# Pioneer Elite SC-67 Firmware Update



## snapperhead (May 3, 2013)

Getting error code 6 everytime I try to update firmware. I have tried using several USB memory sticks. I have turned receiver off an on and retried the process with the same error code each time. Any suggestions?


----------



## 8086 (Aug 4, 2009)

snapperhead said:


> Getting error code 6 everytime I try to update firmware. I have tried using several USB memory sticks. I have turned receiver off an on and retried the process with the same error code each time. Any suggestions?

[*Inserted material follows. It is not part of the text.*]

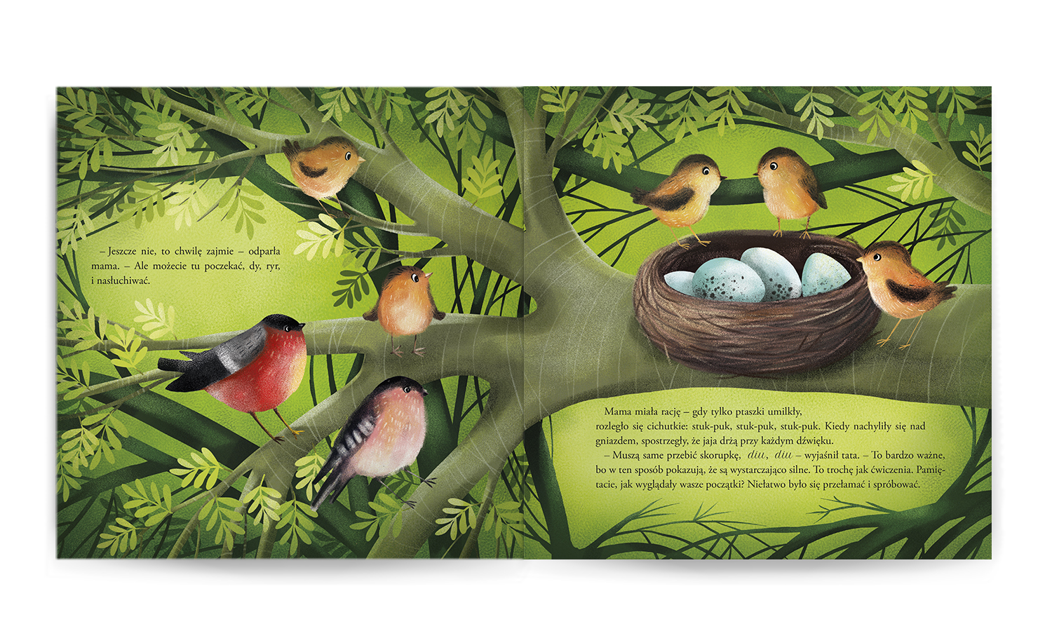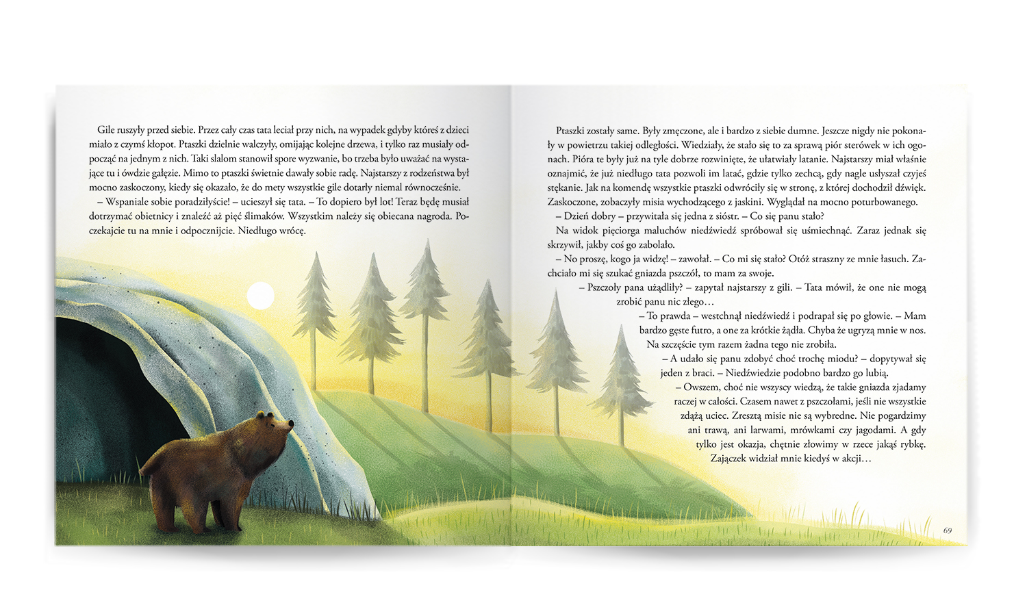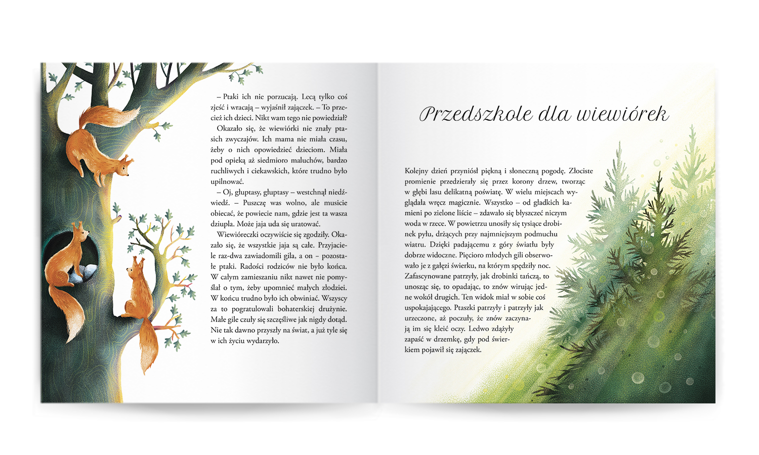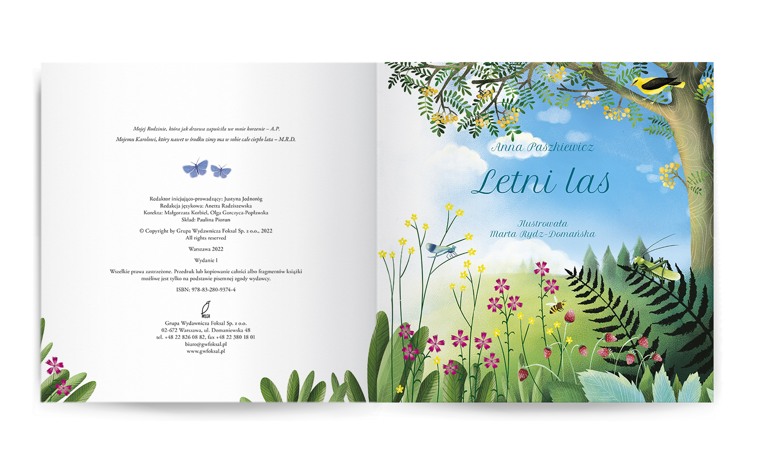 Trzecia z serii czterech książek o przygodach leśnych mieszkańców. Przedstawia przygody stadka pięciu młodych gili, które zaprzyjaźniają się z bohaterami innych części cyklu: zajączkiem, misiem i warchlakiem. Lato w lesie to przede wszystkim nasycona zieleń liści i mnóstwo kolorowych kwiatów i owoców, ale też spokojne, ciepłe poranki nad rzeką i długie wieczory z powoli ciemniejącym niebem. Trudno było też oprzeć się pokusie narysowania łanów dojrzałych zbóż przetykanych chabrami i makami.

Did you turn the receiver off while it was in the middle of an update or while the USB memory was installed? Also, this thread would do much better if it were correctly posted in Amps and AV receivers section of hometheatershack.com .


----------



## ALMFamily (Oct 19, 2011)

8086 said:


> Did you turn the receiver off while it was in the middle of an update or while the USB memory was installed? *Also, this thread would do much better if it were correctly posted in Amps and AV receivers section of hometheatershack.com .*


Excellent suggestion - I have moved it.


----------



## hyghwayman (Jan 15, 2008)

snapperhead said:


> Getting error code 6 everytime I try to update firmware. I have tried using several USB memory sticks. I have turned receiver off an on and retried the process with the same error code each time. Any suggestions?


For updating via a USB stick, make sure to format to FAT32 or reformat it if it is already FAT32.


----------



## snapperhead (May 3, 2013)

Thanks I have tried that too with no luck.


----------